Since the variable has a static storage duration, it is initialized to an unsigned zero. You will ask why? Because it is said in the standard. Similar behavior on pointer types that I am not even going to discuss in this article.

Okay, look at the structure.

structA {int i;
};
intmain(){
    structAa;printf("%d", a.i);
}

Same. anot initialized. We will see a warning when compiling.

$ gcc -Wuninitalized a.c
a.c: In function ‘main’:
a.c:9:5: warning: ‘a.i’ is used uninitialized in this function [-Wuninitialized]
     printf("%d\n", a.i);

In C, you can initialize an object in several simple ways. For example: 1) using an auxiliary function, 2) during the definition, or 3) assign a global default value.

structA {int i;
} const default_A = {0};
voidinit_A(struct A *ptr){
    ptr->i = 0;
}
intmain(){
    /* helper function */structAa1;
    init_A(&a1);
    /* during definition;
     * Initialize each member, in order. 
     * Any other uninitialized members are implicitly
     * initialized as if they had static storage duration. */structAa2 = {0};
    /* Error! (Well, technically) Initializer lists are 'non-empty' *//* struct A a3 = {}; *//* ...or use designated initializers if C99 or later */structAa4 = {.i = 0};
    /* default value */structAa5 = default_A;
}

This is almost all you need to know about initialization in C, and this is enough to cause many cunning mistakes in many student projects. And certainly problems will appear if we assume that by default everything is initialized in 0.

C ++ Initialization

Act 1. Our hero begins the journey.

If you can't wait to learn all the horrors of C ++, first learn how to initialize variables. Here the same behavior as in C from the previous code, but with some reservations in the rules of this behavior. In the text, I will italicize specific C ++ jargon to emphasize those moments where I do not just arbitrarily call things, but point to a huge number of new ... features in C ++ compared to C. Let's start with simple:

structA {int i;
};
intmain(){
    A a;
    std::cout << a.i << std::endl;
}

Here, C and C ++ have almost the same behavior. In C, a type object is simply created A, the value of which can be any. In C ++, athe default is initialized , that is used to build the structure default constructor . Because it is Aso trivial, it has an implicitly-defined default constructor , which in this case does nothing. The implicitly-defined default constructor "has exactly the same effect" as:

structA {
    A(){}
    int i;
}

To check for an uninitialized value, look at the warning at compile time. At the time of this writing, I g++ 8.2.1issued good warnings, but clang++ 7.0.1in this case I did not give anything (with the established one -Wuninitialized). Note that optimization is included to view additional examples.
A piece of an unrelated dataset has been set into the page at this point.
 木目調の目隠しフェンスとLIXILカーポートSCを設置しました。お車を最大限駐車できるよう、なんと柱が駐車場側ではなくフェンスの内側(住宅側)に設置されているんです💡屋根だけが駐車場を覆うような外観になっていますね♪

$ g++ -Wuninitalized -O2 a.cpp
a.cpp: In function ‘int main()’:
a.cpp:9:20: warning: ‘a.A::i’ is used uninitialized in this function [-Wuninitialized]
     std::cout << a.i << std::endl;

In fact, this is what we expect from C. So how do you initialize A::i?

Act 2. Our hero stumbles

Perhaps you can use the same methods as in C? After all, C ++ is a superset of C, right? ( khm )

structA {int i;
};
intmain(){
    A a = {.i = 0};
    std::cout << a.i << std::endl;
}

$ g++ -Wuninitialized -O2 -pedantic-errors a.cpp
a.cpp: In function ‘int main()’:
a.cpp:9:12: error: C++ designated initializers only available with -std=c++2a or -std=gnu++2a [-Wpedantic]
     A a = {.i = 0};

Here you have relatives. Explicit initializers are not supported in C ++ to C ++ 20. This is the C ++ standard, which is scheduled for release in 2020. Yes, in C ++, the function is implemented 21 years after it appeared C. Please note that I have added -pedantic-errorssupport for non-standard gcc extensions to be removed.

What about that?

structA {int i;
};
intmain(){
    A a = {0};
    std::cout << a.i << std::endl;
}

$ g++ -Wuninitialized -O2 -pedantic-errors a.cpp
$

Well, at least it works. We can also do this A a = {};with the same effect as zero initialization a.i. This is because it Ais an aggregate type . What it is?
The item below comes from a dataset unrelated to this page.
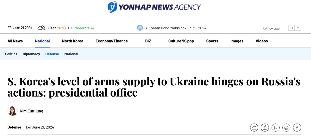 По данным южнокорейского агентства, в администрации президента Юн Сок Ёля пока изучают возможность поставок.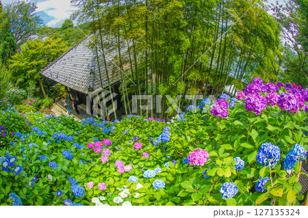 あじさいと日本家屋

Before C ++ 11, the aggregated type (in essence) is either a simple C-style array or a structure that looks like a simple C structure. Neither access specifiers, nor base classes, nor user constructors, nor virtual functions. Aggregated type gets aggregated initialization. What does it mean?

1. Each class object is initialized with each element of the linked list in order.
2. Each object without a corresponding linked list of elements will receive the value “initialized” .

Great, what does this mean? If the object has a different class type with a custom constructor, this constructor will be called. If an object is a class type without a custom constructor, like A, it will be recursively initialized with a specific value. If we have a built-in object, like int i, then it is initialized to zero .

Urrrrrrraaa! Finally, we got a kind of default value: zero! Wow.

After C ++ 11, the situation looks different ... let's come back to this later.

Difficult to remember and confused? Please note that each version of C ++ has its own set of rules. And there is. It's damn messy and nobody likes. These rules usually work, so usually the system works as if you initialize the elements as zero. But in practice, it is better to explicitly initialize everything. I do not find fault with aggregated initialization, but I do not like the need to wade through the wilds of the standard in order to know exactly what happens during initialization.

Act 3. The hero wandered into the cave

Well, we initialize Аthe C ++ method with constructors ( solemn music )! We can assign an initial value to an element iin the structure Аin the custom default constructor:

structA {
    A() : i(0) {}
    int i;
};

This initializes iin the list of member initializers . A dirtier way is to set the value inside the constructor body:

structA {
    A() { i = 0; }
    int i;
};

Since the body of the constructor can do almost anything, it is better to select the initialization in the list of member initializers (technically part of the body of the constructor).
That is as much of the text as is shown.